System Architecture
CodeGraphContext (CGC) is designed as a modular system that bridges the gap between static code analysis and dynamic AI assistance. This page details the core components and data flow within the CGC ecosystem.
High-Level Overview
CGC consists of three primary layers: the Ingestion Layer, the Persistence Layer, and the Interface Layer.
graph LR
subgraph Ingestion
A[Parsers] --> B[Graph Builder]
end
subgraph Persistence
B --> C[(Graph Database)]
end
subgraph Interface
C --> D[CLI]
C --> E[MCP Server]
end
1. Ingestion Layer
This layer is responsible for translating raw source code into semantic graph entities.
-
Parsers: Uses Tree-sitter for high-fidelity AST extraction and SCIP for precise symbol resolution across files.
-
Graph Builder: Orchestrates the parsing process, resolves imports, and establishes relationships (edges) between nodes.
-
Background Jobs: Long-running indexing tasks are managed via an internal job queue to ensure the UI remains responsive.
2. Persistence Layer
CGC supports multiple database backends to store the code graph. * Embedded Databases (KùzuDB/FalkorDB Lite): Provide zero-latency access for local development without external dependencies. * Networked Databases (Neo4j/Remote FalkorDB): Allow for shared indexes across teams and advanced visualization.
3. Interface Layer
CGC exposes its capabilities through two main interfaces: * CLI: A comprehensive command-line tool for developers to manage indexes, run queries, and visualize relationships. * MCP Server: An implementation of the Model Context Protocol, enabling AI agents to interact with the code graph via structured tool calls.
Data Flow: Indexing
When you run cgc index, the following sequence occurs:
- File Discovery: The system scans the target directory, respecting
.gitignoreand.cgcignorerules. - Parsing: Individual files are parsed in parallel using multi-threading.

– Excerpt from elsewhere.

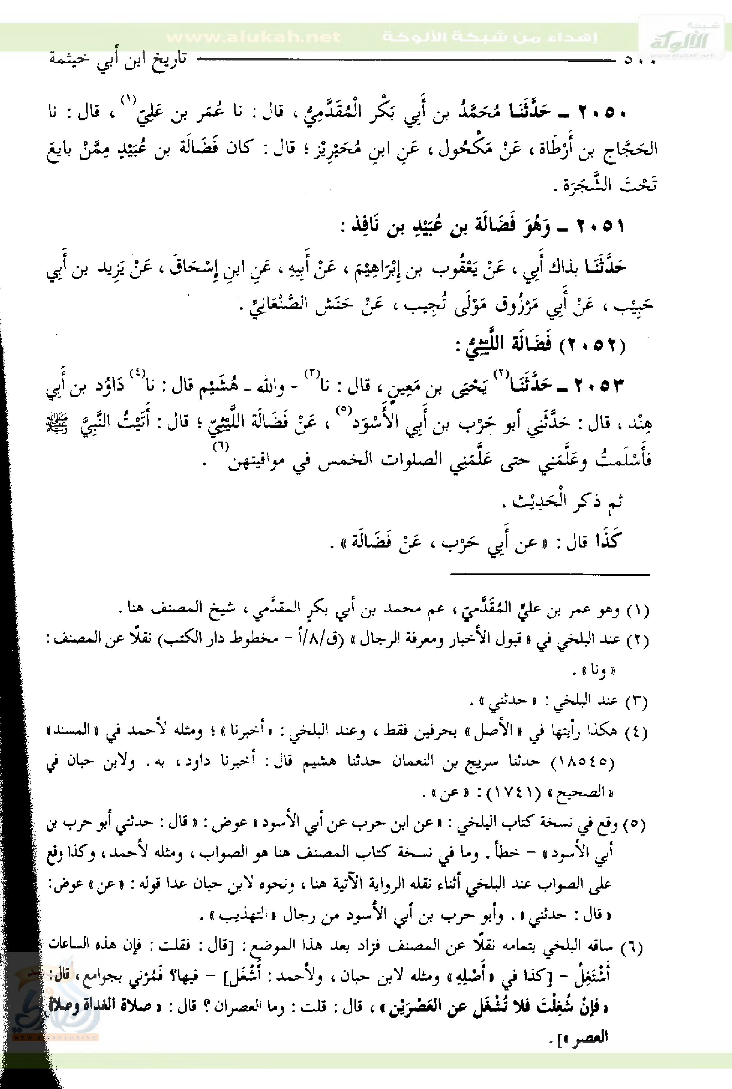 ٢٠٥٣- حَدَّثَنَا يَحْيَى بْنُ مَعِينٍ، قال: حَدَّثَنا – والله - هُشَيْم قال: حَدَّثَنا دَاوُد بْنُ أَبِي هِنْد، قَالَ: حَدَّثَنِي أَبُو حَرْب بْنُ أَبِي الأَسْوَد، عَنْ فَضَالَة اللَّيْثِيّ؛ قَالَ: أَتَيْتُ النَّبِيَّ صَلَّى اللَّهُ عَلَيْهِ وَسَلَّمَ فأَسْلَمتُ وعَلَّمَنِي حَتَّى عَلَّمَنِي الصَّلَوَاتِ الْخَمْسِ فِي مَوَاقِيتِهِنَّ، ثُمَّ ذَكَرَ الْحَدِيْث، كَذَا قَالَ: عَنْ أَبِي حَرْب، عَنْ فَضَالَة".

- Entity Resolution: The builder identifies cross-file references (e.g., a function call in File A to a definition in File B).
- Transaction Commit: The resulting nodes and edges are committed to the active database backend in optimized batches.
Data Flow: MCP Querying
When an AI agent (e.g., Claude) requests code context:
- Tool Call: The agent issues a tool call (e.g.,
analyze_code_relationships). - Query Translation: The MCP server translates the tool call into an optimized Cypher or backend-specific query.
- Graph Traversal: The database engine traverses relationships to find the requested information.
- Response Formatting: The server cleans and formats the results (often including source code snippets) for the AI to consume.